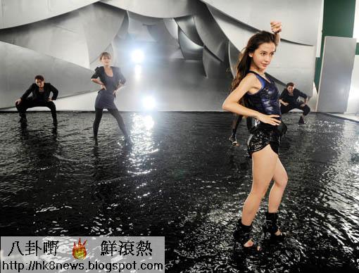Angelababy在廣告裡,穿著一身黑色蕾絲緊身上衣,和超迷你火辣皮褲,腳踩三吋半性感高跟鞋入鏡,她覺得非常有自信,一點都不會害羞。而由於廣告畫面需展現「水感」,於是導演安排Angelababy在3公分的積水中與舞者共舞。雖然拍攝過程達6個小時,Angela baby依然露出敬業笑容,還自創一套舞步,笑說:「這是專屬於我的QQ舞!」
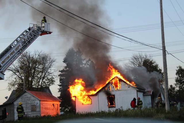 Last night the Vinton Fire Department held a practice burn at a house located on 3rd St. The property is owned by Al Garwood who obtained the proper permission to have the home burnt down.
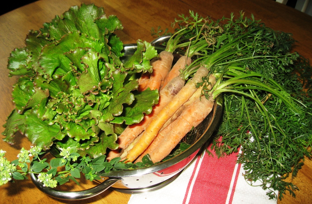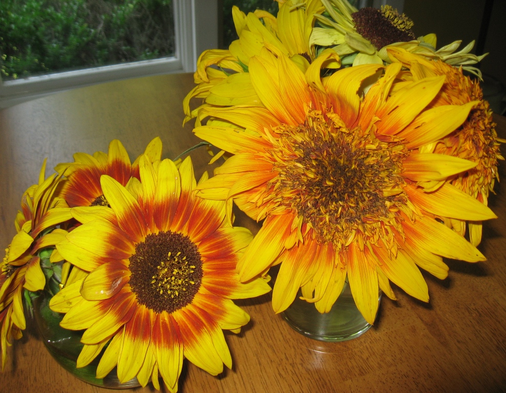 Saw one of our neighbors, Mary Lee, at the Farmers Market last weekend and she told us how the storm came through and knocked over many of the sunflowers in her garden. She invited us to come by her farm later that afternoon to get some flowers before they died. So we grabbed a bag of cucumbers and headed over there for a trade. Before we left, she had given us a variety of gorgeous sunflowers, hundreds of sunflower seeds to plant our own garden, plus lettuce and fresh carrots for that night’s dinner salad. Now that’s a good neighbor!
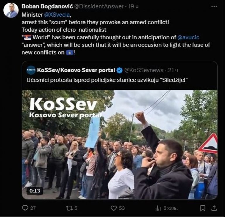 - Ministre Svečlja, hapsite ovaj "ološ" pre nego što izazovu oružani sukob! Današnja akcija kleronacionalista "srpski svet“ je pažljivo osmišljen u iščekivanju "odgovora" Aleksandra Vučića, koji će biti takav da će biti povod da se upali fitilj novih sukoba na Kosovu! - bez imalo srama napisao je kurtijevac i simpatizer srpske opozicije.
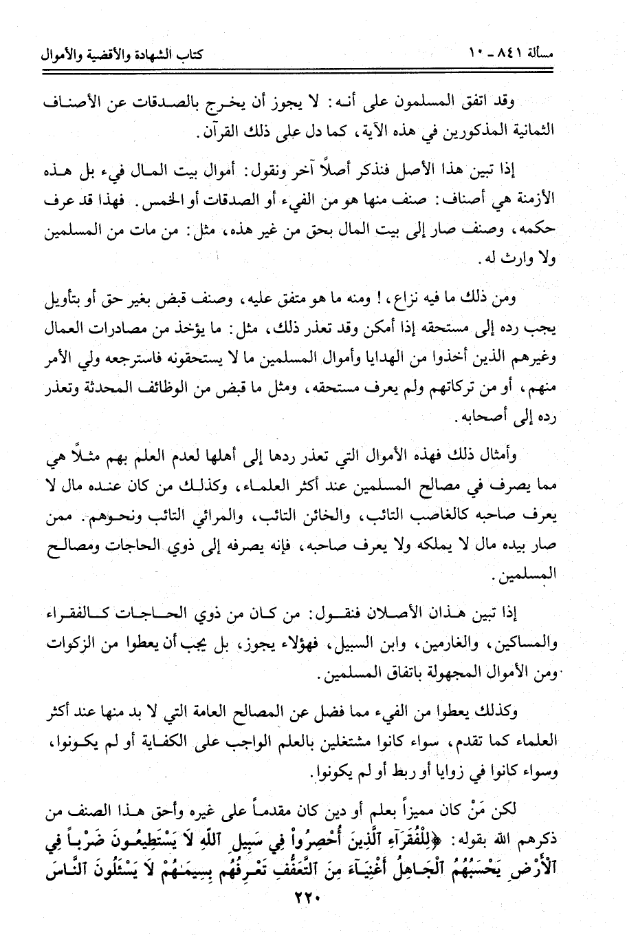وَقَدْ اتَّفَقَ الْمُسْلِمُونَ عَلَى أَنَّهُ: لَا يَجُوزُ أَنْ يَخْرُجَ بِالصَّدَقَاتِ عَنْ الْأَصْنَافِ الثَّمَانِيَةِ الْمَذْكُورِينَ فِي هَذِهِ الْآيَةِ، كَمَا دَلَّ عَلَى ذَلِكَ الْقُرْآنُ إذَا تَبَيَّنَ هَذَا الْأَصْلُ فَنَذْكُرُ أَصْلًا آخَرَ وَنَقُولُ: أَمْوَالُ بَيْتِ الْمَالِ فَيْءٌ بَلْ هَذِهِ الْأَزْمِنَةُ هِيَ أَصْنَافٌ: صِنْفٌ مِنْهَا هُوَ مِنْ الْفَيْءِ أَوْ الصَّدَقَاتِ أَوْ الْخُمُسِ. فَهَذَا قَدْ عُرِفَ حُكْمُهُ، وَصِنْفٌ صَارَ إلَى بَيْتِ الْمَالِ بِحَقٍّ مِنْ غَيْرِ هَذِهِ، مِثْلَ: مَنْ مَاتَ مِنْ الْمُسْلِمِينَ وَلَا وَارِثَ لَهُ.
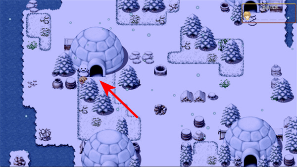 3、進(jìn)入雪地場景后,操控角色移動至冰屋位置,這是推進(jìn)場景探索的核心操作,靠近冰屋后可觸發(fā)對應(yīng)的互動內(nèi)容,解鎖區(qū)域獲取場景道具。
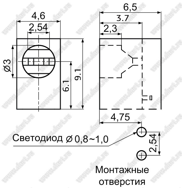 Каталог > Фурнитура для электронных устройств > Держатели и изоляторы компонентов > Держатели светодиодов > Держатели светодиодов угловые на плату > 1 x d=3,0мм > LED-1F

◆ Your instructions ◆
Exactly the lines from the one holding "- Ministre Svečlja, hapsite" through the last line of the entries must be set down, with nothing added and no pictures.

◆ Exercise response ◆
 - Ministre Svečlja, hapsite ovaj "ološ" pre nego što izazovu oružani sukob! Današnja akcija kleronacionalista "srpski svet“ je pažljivo osmišljen u iščekivanju "odgovora" Aleksandra Vučića, koji će biti takav da će biti povod da se upali fitilj novih sukoba na Kosovu! - bez imalo srama napisao je kurtijevac i simpatizer srpske opozicije.
وَقَدْ اتَّفَقَ الْمُسْلِمُونَ عَلَى أَنَّهُ: لَا يَجُوزُ أَنْ يَخْرُجَ بِالصَّدَقَاتِ عَنْ الْأَصْنَافِ الثَّمَانِيَةِ الْمَذْكُورِينَ فِي هَذِهِ الْآيَةِ، كَمَا دَلَّ عَلَى ذَلِكَ الْقُرْآنُ إذَا تَبَيَّنَ هَذَا الْأَصْلُ فَنَذْكُرُ أَصْلًا آخَرَ وَنَقُولُ: أَمْوَالُ بَيْتِ الْمَالِ فَيْءٌ بَلْ هَذِهِ الْأَزْمِنَةُ هِيَ أَصْنَافٌ: صِنْفٌ مِنْهَا هُوَ مِنْ الْفَيْءِ أَوْ الصَّدَقَاتِ أَوْ الْخُمُسِ. فَهَذَا قَدْ عُرِفَ حُكْمُهُ، وَصِنْفٌ صَارَ إلَى بَيْتِ الْمَالِ بِحَقٍّ مِنْ غَيْرِ هَذِهِ، مِثْلَ: مَنْ مَاتَ مِنْ الْمُسْلِمِينَ وَلَا وَارِثَ لَهُ.
 3、進(jìn)入雪地場景后,操控角色移動至冰屋位置,這是推進(jìn)場景探索的核心操作,靠近冰屋后可觸發(fā)對應(yīng)的互動內(nèi)容,解鎖區(qū)域獲取場景道具。
 Каталог > Фурнитура для электронных устройств > Держатели и изоляторы компонентов > Держатели светодиодов > Держатели светодиодов угловые на плату > 1 x d=3,0мм > LED-1F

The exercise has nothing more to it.